──────── Data for analysis ────────
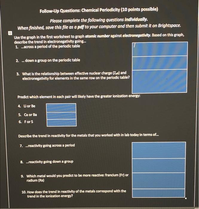 Periodic Trends Worksheet answer key.doc - Course Hero View Periodic Trends Worksheet answer key.doc from CHEM MISC at San Jose State University. Periodic Trends Worksheet Use the periodic table and your knowledge of periodic trends to answer the. Expert Help. Study Resources. ... Explain the relationship between the relative size of an ion to its neutral atom and the charge on the ions . 9 .
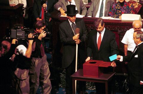 Massachusetts Secretary of State William Galvin opens the ballot box on December 18, 2000, as Massachusetts Electoral College president Robert E. Colt casts his vote at the State House in Boston, MA. The Massachusetts Electoral College delegates cast their votes for Vice-President Al Gore in the 2000 presidential election, which was narrowly won by Republican George W. Bush. Gore was the last sitting vice-president before Kamala Harris to run for president. Picture: Darren McCollester/Newsmakers
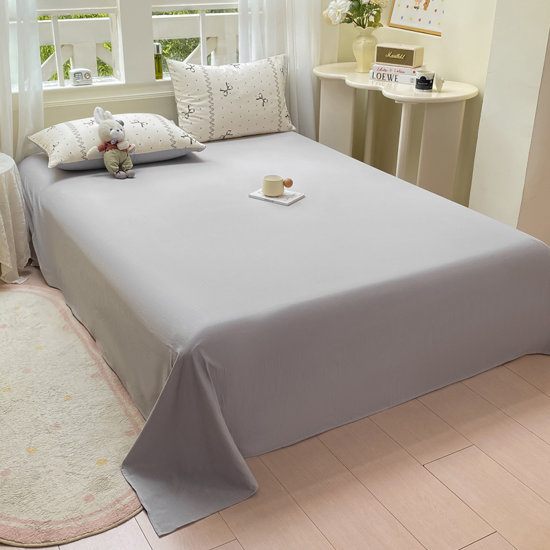 (总)朵朵家纺 2025新款云感提花双层纱纯色单床单被单(可定做尺寸),卡其,果绿,奶黄,浅灰,雾蓝,香芋紫,樱花粉
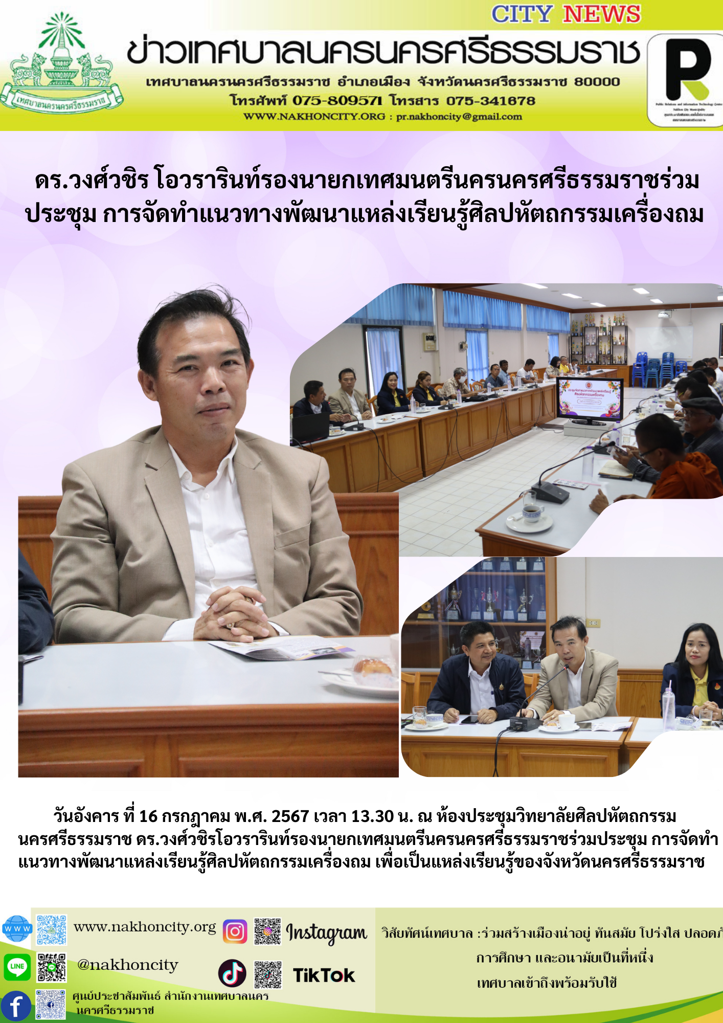 ดร.วงศ์วชิร โอวรารินท์ รองนายกเทศมนตรีนครนครศรีธรรมราช ร่วมประชุม การจัดทำแนวทางพัฒนาแหล่งเรียนรู้ศิลปหัตถกรรมเครื่องถม |
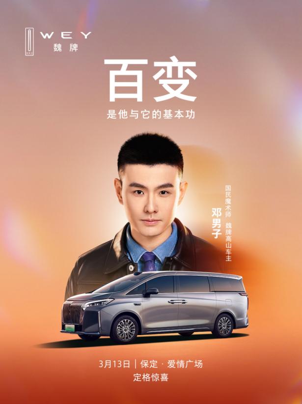 从引爆MPV市场到登陆春晚舞台,再到收获邓男子等一众明星认可,魏牌高山的每一步都走得很扎实。市场层面,连续6个月新能源MPV销量冠军的成绩说明消费者用真金白银认可了高山的产品力。品牌层面,"央视春晚新媒体指定用车"的身份和"央视严选"品质标签让高山的品牌形象更加高端。口碑层面,姜武、陈佩斯、欧阳震华、吴启华、邓亚萍、吴敏霞、孙越等明星先后"上车",现在邓男子也即将加入,明星车主阵容的持续壮大体现了高山在高端圈层中的广泛认可。邓男子在春晚期间零距离体验了高山的品质出行,被全系标配的Hi4性能版智能四驱电混系统、纯平地板、NAPPA真皮座椅、10点式座椅按摩等配置打动后选择购买。3月13日17:30,保定爱情广场的交付仪式上,他将正式提车。高山充分彰显了国产车型与合资旗舰车型同台竞争的实力,这个势头还在继续。邓男子成为魏牌高山车主
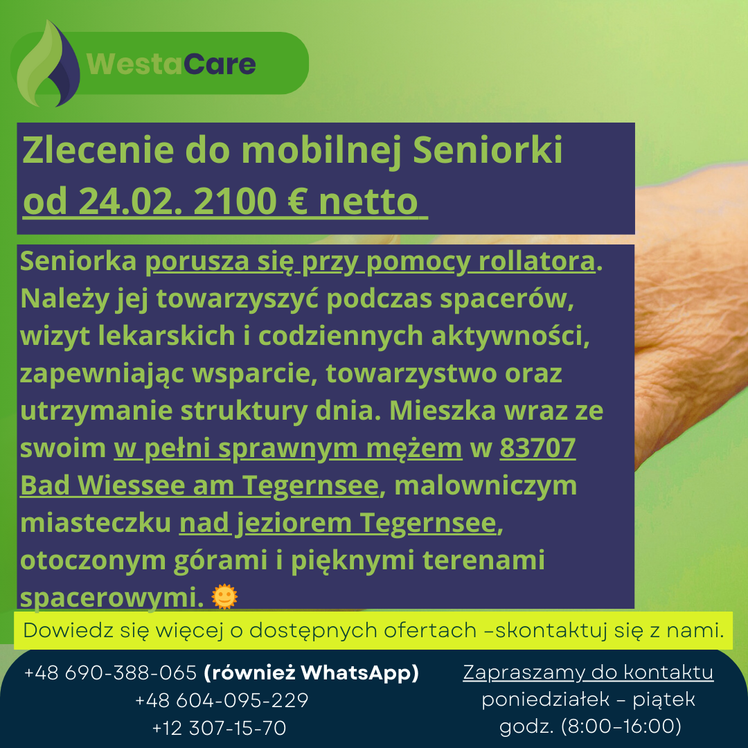 Zlecenie do mobilnej Seniorki od 24.02. 2100 € netto
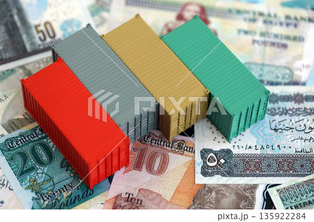 Egyptian pound currency money bills and toy cargo containers close up. The concept of shipping and logistics
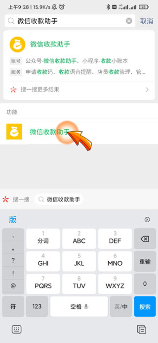 2、然后在索栏中输入微信收款助手,点击下方弹出的“微信收款助手”选项。
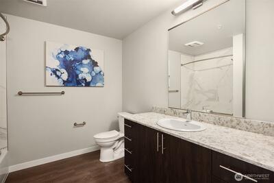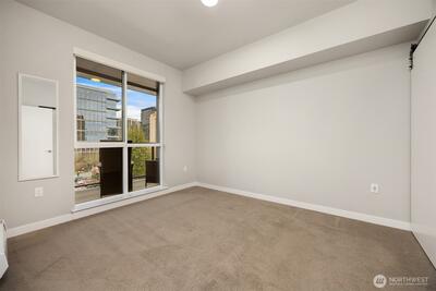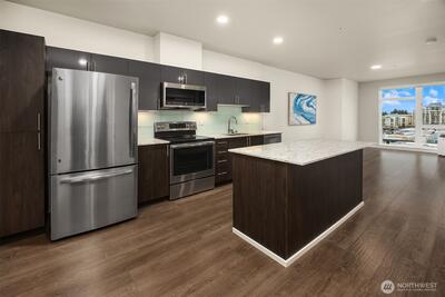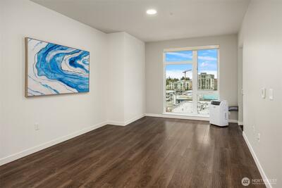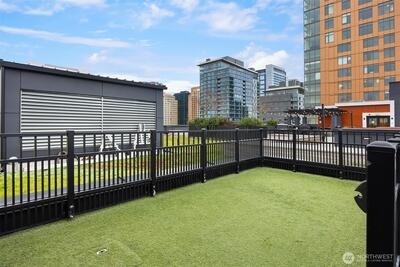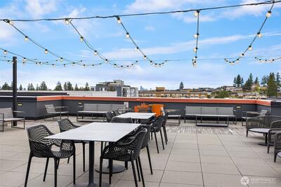 Modern luxury east-facing condo offering a bright, open living experience with unobstructed city views and a private balcony. The thoughtfully designed interior features quartz countertops, stainless steel appliances, a spacious kitchen island, sleek cabinetry with under-cabinet lighting, a custom-made bedroom closet, and newly replaced dishwasher and microwave. Expansive windows bring in abundant natural light while maintaining privacy. Residents enjoy a refined rooftop retreat with open seating, BBQ area, fire pit, and pet area, plus concierge service, clubhouse, dog wash station, bike storage, and secured garage parking. Exceptional walkability with easy access to Bellevue Square, shopping, dining, cafés, and nearby parks. No rental cap.
────────
Task item –
All lines from the one containing "Egyptian pound currency" to the last line of the records above, and no others, should be returned unchanged, without pictures.

Result –
 Egyptian pound currency money bills and toy cargo containers close up. The concept of shipping and logistics
 2、然后在索栏中输入微信收款助手,点击下方弹出的“微信收款助手”选项。
 Modern luxury east-facing condo offering a bright, open living experience with unobstructed city views and a private balcony. The thoughtfully designed interior features quartz countertops, stainless steel appliances, a spacious kitchen island, sleek cabinetry with under-cabinet lighting, a custom-made bedroom closet, and newly replaced dishwasher and microwave. Expansive windows bring in abundant natural light while maintaining privacy. Residents enjoy a refined rooftop retreat with open seating, BBQ area, fire pit, and pet area, plus concierge service, clubhouse, dog wash station, bike storage, and secured garage parking. Exceptional walkability with easy access to Bellevue Square, shopping, dining, cafés, and nearby parks. No rental cap.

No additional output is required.